[Task directions] Copy exactly the stretch of data below from the line with "Оголошення для Альохіна" through the line with "I dumpvogne bruges", including both of those lines.

[Given data]
┄┄┄┄┄┄┄┄┄┄
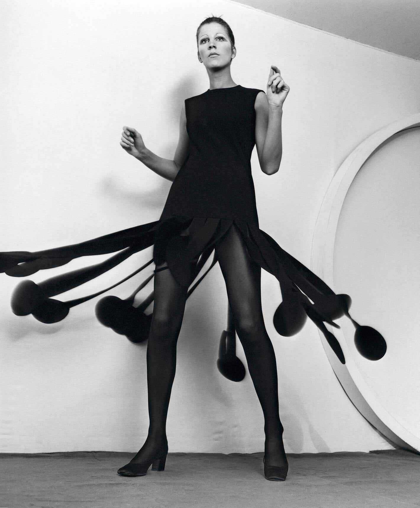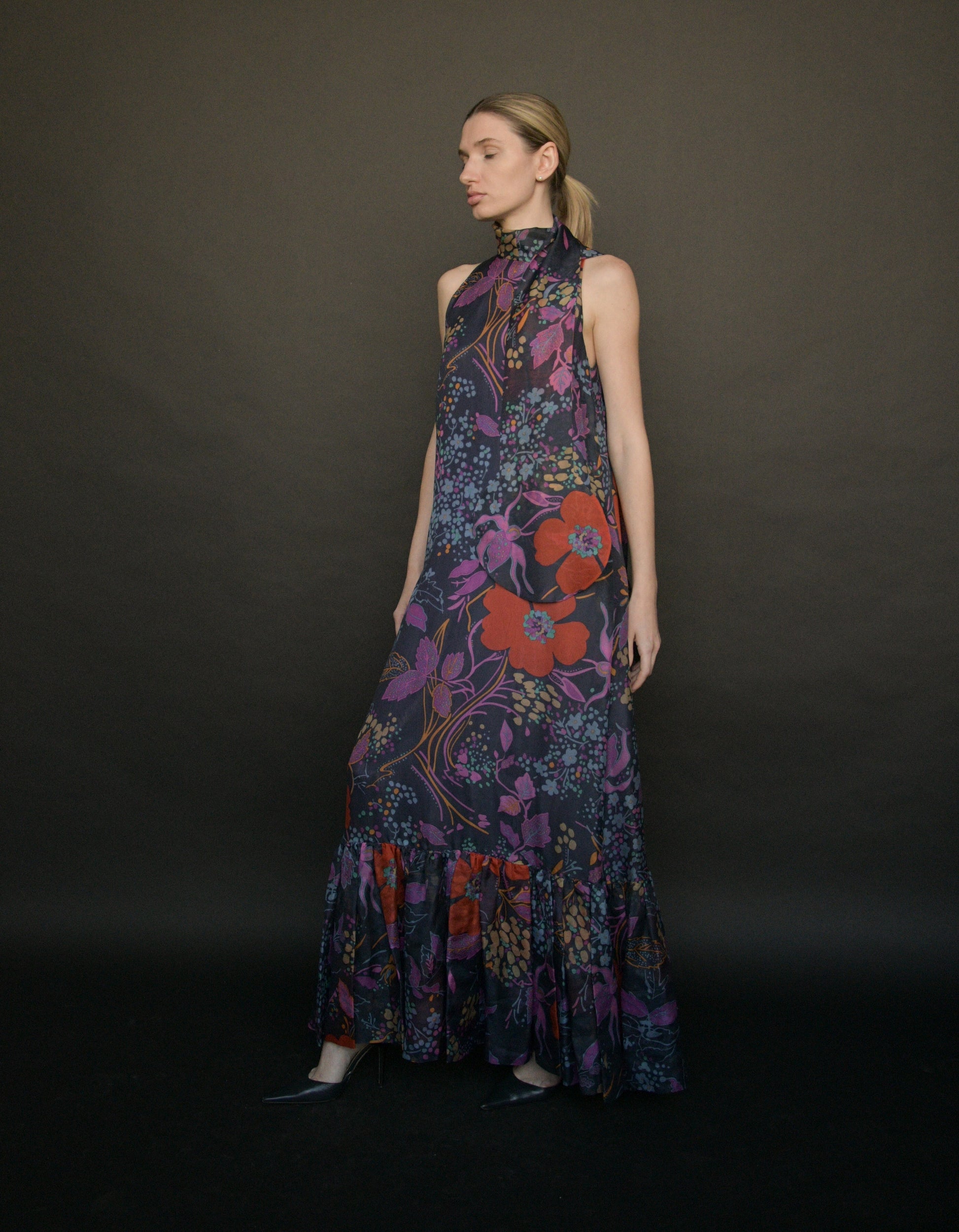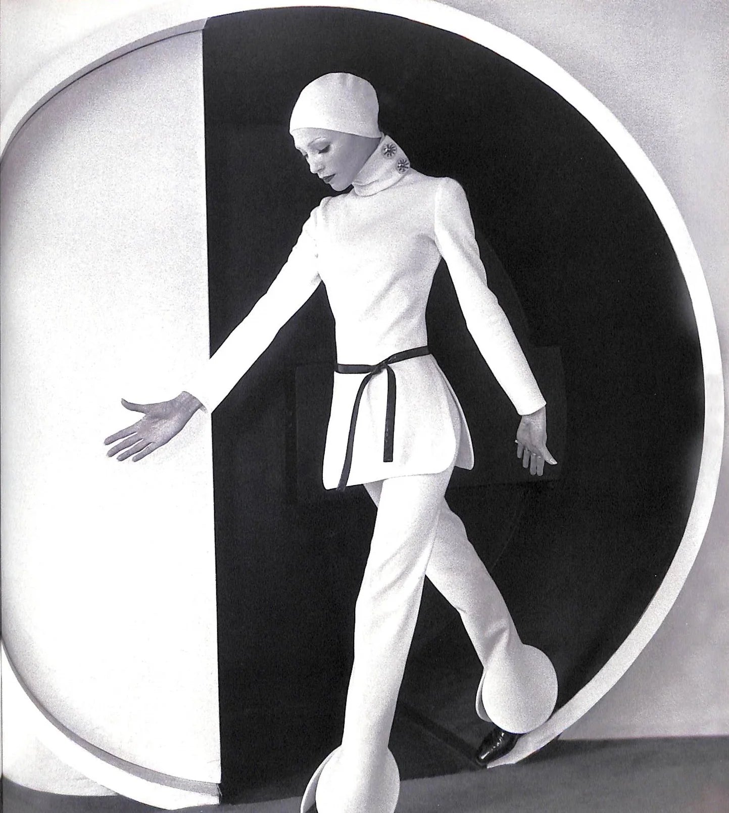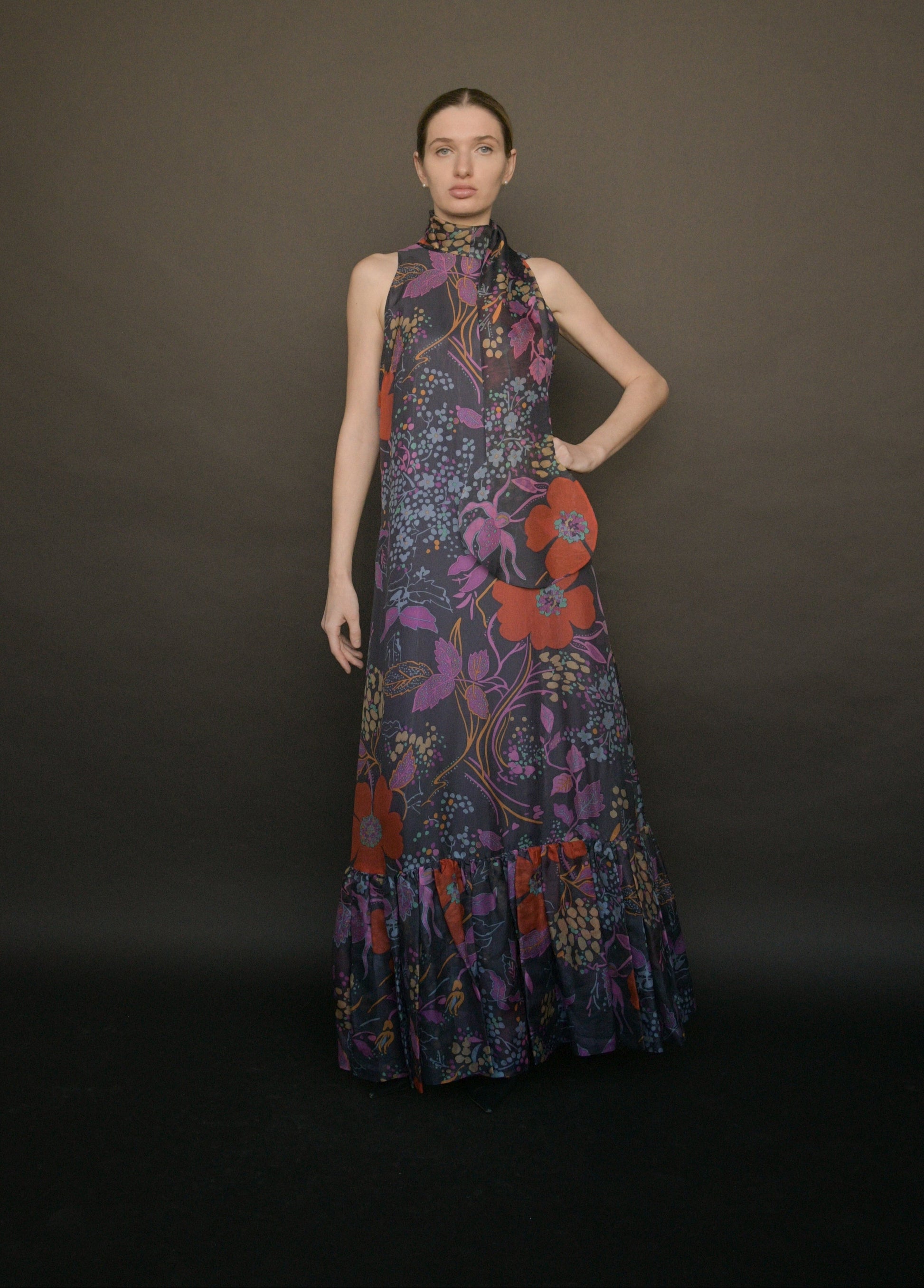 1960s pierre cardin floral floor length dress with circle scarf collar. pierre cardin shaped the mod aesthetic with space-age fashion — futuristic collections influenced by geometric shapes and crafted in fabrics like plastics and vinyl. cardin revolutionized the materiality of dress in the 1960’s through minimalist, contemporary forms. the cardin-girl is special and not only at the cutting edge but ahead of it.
┄┄┄┄┄┄┄┄┄┄
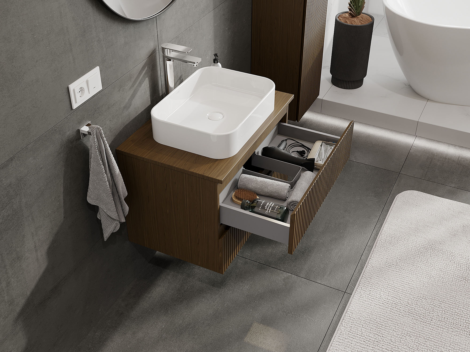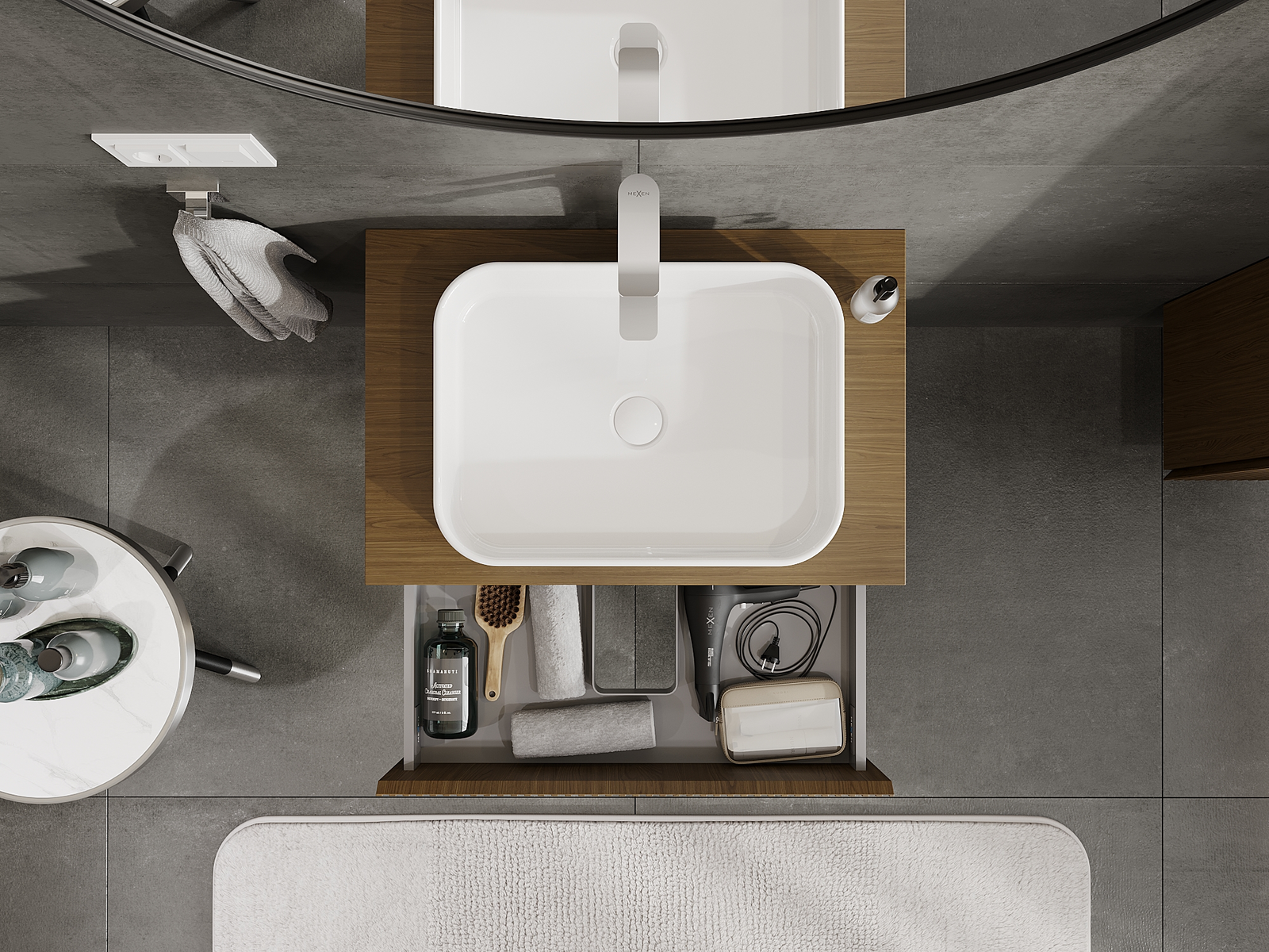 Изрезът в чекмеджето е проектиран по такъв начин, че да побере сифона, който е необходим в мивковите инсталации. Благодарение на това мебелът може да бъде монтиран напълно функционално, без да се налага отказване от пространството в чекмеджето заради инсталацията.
┄┄┄┄┄┄┄┄┄┄
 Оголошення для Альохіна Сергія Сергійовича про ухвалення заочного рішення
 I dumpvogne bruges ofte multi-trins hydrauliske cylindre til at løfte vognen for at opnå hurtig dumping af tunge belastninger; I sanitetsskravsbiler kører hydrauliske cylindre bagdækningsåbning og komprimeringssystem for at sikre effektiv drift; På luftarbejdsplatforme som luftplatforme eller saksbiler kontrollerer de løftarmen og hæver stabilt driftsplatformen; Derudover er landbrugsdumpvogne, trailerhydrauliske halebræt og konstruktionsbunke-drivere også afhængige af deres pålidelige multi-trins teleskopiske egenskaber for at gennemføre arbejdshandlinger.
┄┄┄┄┄┄┄┄┄┄
[Task output]
 Оголошення для Альохіна Сергія Сергійовича про ухвалення заочного рішення
 I dumpvogne bruges ofte multi-trins hydrauliske cylindre til at løfte vognen for at opnå hurtig dumping af tunge belastninger; I sanitetsskravsbiler kører hydrauliske cylindre bagdækningsåbning og komprimeringssystem for at sikre effektiv drift; På luftarbejdsplatforme som luftplatforme eller saksbiler kontrollerer de løftarmen og hæver stabilt driftsplatformen; Derudover er landbrugsdumpvogne, trailerhydrauliske halebræt og konstruktionsbunke-drivere også afhængige af deres pålidelige multi-trins teleskopiske egenskaber for at gennemføre arbejdshandlinger.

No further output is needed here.